For Guangzhou visitors building a broader itinerary, the full dining context across the city is covered in our full Guangzhou restaurants guide, with supplementary planning resources in our full Guangzhou hotels guide, our full Guangzhou bars guide, our full Guangzhou wineries guide, and our full Guangzhou experiences guide. For Teochew cooking in other formats and cities, Ru Yuan in Hangzhou and 102 House in Shanghai offer reference points across different price registers.
Planning a Visit
Hui Cheng sits at Kaiyan Tower, Huacheng Avenue 16, Tianhe District, Guangzhou , accessible by metro and well within the commercial centre of the city. The ¥¥ price point means a full meal for two is expected to land at a fraction of what the starred Teochew addresses charge. No phone or booking method is confirmed in available data, so arriving with flexibility on timing, particularly outside peak lunch and dinner hours, is the practical approach. Tianhe operates on office-district rhythms, so midweek lunch visits tend to run at higher pressure than weekend evenings. The Bib Gourmand signal makes this a reasonable anchor for a Guangzhou itinerary that wants at least one credentialed Chao Zhou meal without committing to formal-dining spend.
Frequently Asked Questions
- What dish is Hui Cheng (Dunhe Road) famous for?

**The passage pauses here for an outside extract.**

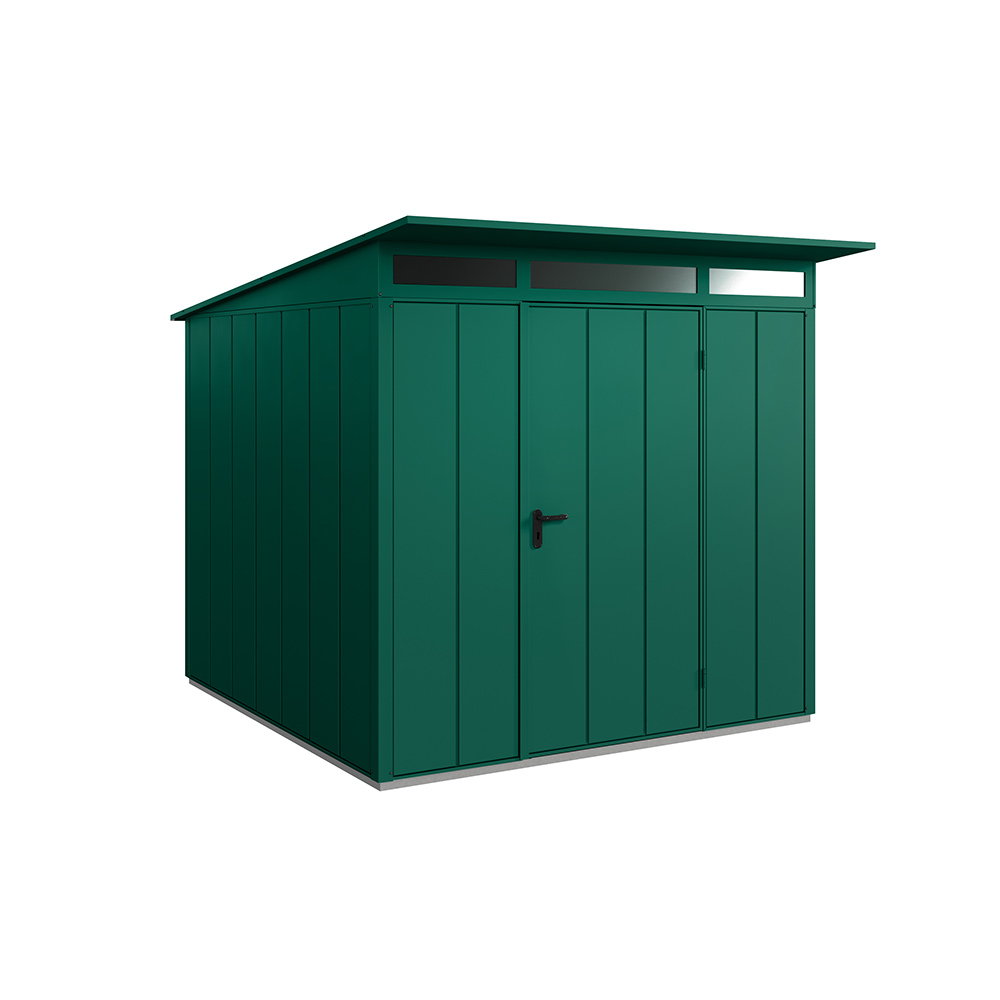Det finns många fördelar med en redskapsbod i metall. Den galvaniserade och pulverlackerade stålplåten håller formen och kräver lite underhåll, är både väder- och mögelbeständig. Plåten som används består till 25% återvunnet material och redskapsbodarna samt vedbodarna är 100% återvinningsbara.

- No specific signature dishes are confirmed in published data. Chao Zhou cuisine as a category is built around braised meats, cold seafood preparations, fish balls, and slow-cooked congee, and Michelin's Bib Gourmand recognition for two consecutive years points to execution quality across the menu rather than a single marquee dish. For a broader view of Teochew cooking at different price points in Guangzhou, Imperial Treasure Fine Teochew Cuisine at the ¥¥¥ level offers a useful point of comparison.
- Is Hui Cheng (Dunhe Road) reservation-only?
- No confirmed booking method is available. At the ¥¥ price tier in Guangzhou, Bib Gourmand addresses typically operate with some walk-in capacity, though peak service periods in Tianhe's office district can create pressure. Given the consecutive 2024 and 2025 Michelin recognition, demand is likely higher than a typical ¥¥ address in the same area. Arriving outside standard lunch and dinner peaks is the lower-risk approach until direct booking information is confirmed.